> [Exercise materials]
Start of Block

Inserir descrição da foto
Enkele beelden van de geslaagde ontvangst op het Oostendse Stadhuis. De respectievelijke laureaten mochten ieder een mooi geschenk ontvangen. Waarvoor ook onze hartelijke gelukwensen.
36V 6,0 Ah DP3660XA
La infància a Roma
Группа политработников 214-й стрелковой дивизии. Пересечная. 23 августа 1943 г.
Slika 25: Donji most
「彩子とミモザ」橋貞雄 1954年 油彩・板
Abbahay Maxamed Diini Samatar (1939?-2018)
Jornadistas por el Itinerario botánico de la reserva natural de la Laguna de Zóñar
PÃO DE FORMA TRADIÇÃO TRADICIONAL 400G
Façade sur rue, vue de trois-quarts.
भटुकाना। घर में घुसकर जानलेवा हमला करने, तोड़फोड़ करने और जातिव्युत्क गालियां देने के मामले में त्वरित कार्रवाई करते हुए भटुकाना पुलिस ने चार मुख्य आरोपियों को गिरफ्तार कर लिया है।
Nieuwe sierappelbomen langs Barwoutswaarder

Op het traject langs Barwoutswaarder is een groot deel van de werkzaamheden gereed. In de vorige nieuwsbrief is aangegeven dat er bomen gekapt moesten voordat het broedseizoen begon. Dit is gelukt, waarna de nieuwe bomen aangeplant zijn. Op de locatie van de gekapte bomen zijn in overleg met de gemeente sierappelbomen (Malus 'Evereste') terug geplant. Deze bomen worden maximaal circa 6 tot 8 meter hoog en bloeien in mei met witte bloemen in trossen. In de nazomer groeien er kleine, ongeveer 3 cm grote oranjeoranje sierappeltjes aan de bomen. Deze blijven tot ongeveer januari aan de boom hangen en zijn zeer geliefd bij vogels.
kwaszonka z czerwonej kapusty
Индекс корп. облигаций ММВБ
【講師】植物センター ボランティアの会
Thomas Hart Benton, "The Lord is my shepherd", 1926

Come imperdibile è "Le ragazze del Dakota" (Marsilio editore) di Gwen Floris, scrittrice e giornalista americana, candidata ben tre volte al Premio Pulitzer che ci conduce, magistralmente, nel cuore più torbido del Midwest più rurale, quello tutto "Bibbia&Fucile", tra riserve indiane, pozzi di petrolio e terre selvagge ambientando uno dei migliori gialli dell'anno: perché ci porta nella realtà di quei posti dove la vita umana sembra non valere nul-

End of Block
Start of Block

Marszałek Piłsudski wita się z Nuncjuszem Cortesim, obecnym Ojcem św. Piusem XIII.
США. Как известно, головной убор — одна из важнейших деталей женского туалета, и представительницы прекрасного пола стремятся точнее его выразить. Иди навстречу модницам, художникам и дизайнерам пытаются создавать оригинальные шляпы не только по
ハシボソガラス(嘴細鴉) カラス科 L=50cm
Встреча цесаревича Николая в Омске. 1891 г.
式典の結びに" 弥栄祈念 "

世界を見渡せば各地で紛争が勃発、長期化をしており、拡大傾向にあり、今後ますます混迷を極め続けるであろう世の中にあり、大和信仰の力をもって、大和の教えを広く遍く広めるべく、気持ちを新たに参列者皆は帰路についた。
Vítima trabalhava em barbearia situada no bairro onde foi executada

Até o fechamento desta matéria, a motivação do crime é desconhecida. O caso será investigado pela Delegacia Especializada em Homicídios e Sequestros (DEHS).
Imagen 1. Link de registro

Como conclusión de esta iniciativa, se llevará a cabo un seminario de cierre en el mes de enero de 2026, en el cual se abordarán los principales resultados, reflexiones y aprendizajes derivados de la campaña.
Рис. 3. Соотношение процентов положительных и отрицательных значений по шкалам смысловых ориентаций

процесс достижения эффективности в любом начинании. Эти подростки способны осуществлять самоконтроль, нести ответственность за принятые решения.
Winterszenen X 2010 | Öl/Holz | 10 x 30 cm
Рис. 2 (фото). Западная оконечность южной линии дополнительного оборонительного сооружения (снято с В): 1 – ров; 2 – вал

End of Block

> [Aim of the task]
Give again exactly, and only, the lines above starting at the one with "Inserir descrição da foto" and ending at the one with "Abbahay Maxamed Diini Samatar (1939?-2018)".

> [Response]
Inserir descrição da foto
Enkele beelden van de geslaagde ontvangst op het Oostendse Stadhuis. De respectievelijke laureaten mochten ieder een mooi geschenk ontvangen. Waarvoor ook onze hartelijke gelukwensen.
36V 6,0 Ah DP3660XA
La infància a Roma
Группа политработников 214-й стрелковой дивизии. Пересечная. 23 августа 1943 г.
Slika 25: Donji most
「彩子とミモザ」橋貞雄 1954年 油彩・板
Abbahay Maxamed Diini Samatar (1939?-2018)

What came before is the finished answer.